→ DATASET ENTRIES
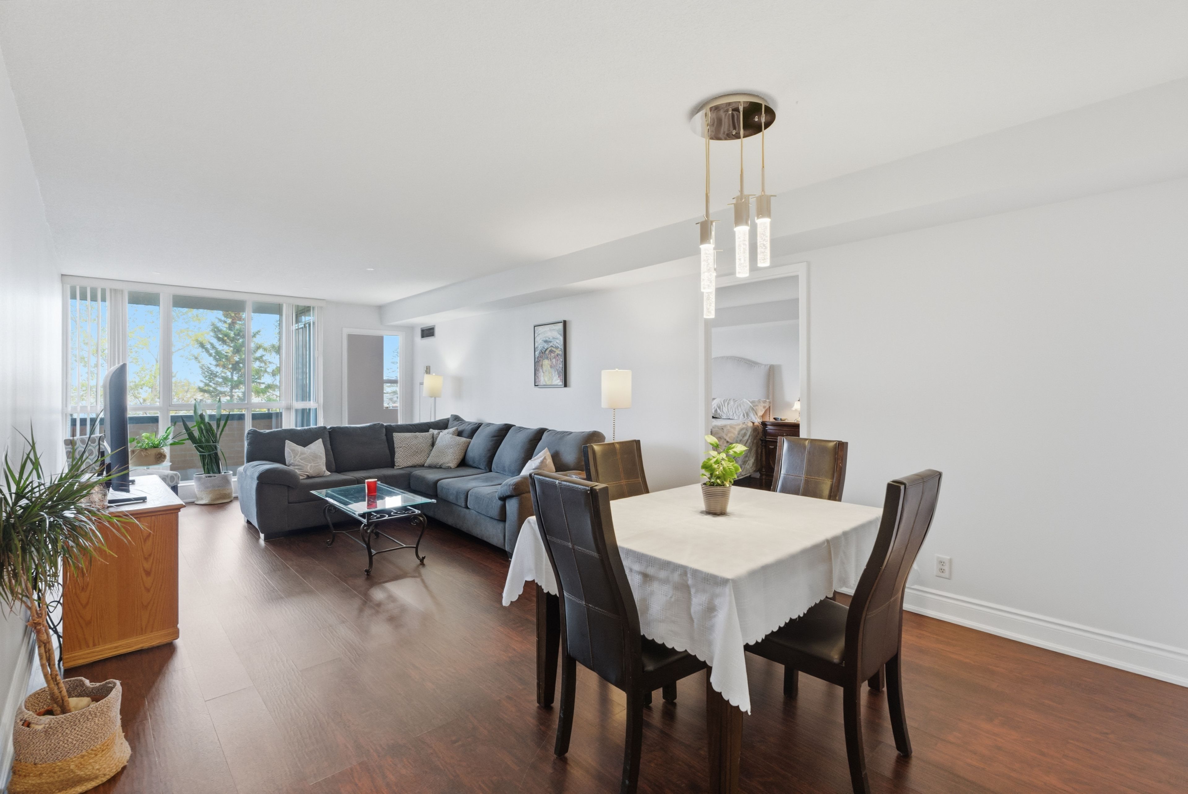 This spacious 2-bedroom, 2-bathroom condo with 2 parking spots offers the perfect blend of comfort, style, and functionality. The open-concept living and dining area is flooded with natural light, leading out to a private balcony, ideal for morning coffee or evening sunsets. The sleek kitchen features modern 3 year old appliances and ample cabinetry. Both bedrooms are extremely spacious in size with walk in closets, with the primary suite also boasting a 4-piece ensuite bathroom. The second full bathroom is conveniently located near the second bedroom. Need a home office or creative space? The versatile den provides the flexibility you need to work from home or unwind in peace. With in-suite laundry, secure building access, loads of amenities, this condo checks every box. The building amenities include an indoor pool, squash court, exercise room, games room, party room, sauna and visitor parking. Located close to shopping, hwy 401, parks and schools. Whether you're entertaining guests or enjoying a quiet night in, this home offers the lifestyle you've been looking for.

==

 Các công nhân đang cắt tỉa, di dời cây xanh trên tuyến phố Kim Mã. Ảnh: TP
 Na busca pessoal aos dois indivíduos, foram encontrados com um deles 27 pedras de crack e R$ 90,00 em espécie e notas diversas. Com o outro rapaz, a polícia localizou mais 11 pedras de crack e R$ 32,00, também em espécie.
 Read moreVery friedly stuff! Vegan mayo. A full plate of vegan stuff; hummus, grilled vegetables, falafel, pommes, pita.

→ WHAT YOU HAVE TO DO
Take the listing above and repeat exactly the lines from the one containing "Các công nhân" through the one containing "Read moreVery friedly", both included.

→ TASK RESULT
 Các công nhân đang cắt tỉa, di dời cây xanh trên tuyến phố Kim Mã. Ảnh: TP
 Na busca pessoal aos dois indivíduos, foram encontrados com um deles 27 pedras de crack e R$ 90,00 em espécie e notas diversas. Com o outro rapaz, a polícia localizou mais 11 pedras de crack e R$ 32,00, também em espécie.
 Read moreVery friedly stuff! Vegan mayo. A full plate of vegan stuff; hummus, grilled vegetables, falafel, pommes, pita.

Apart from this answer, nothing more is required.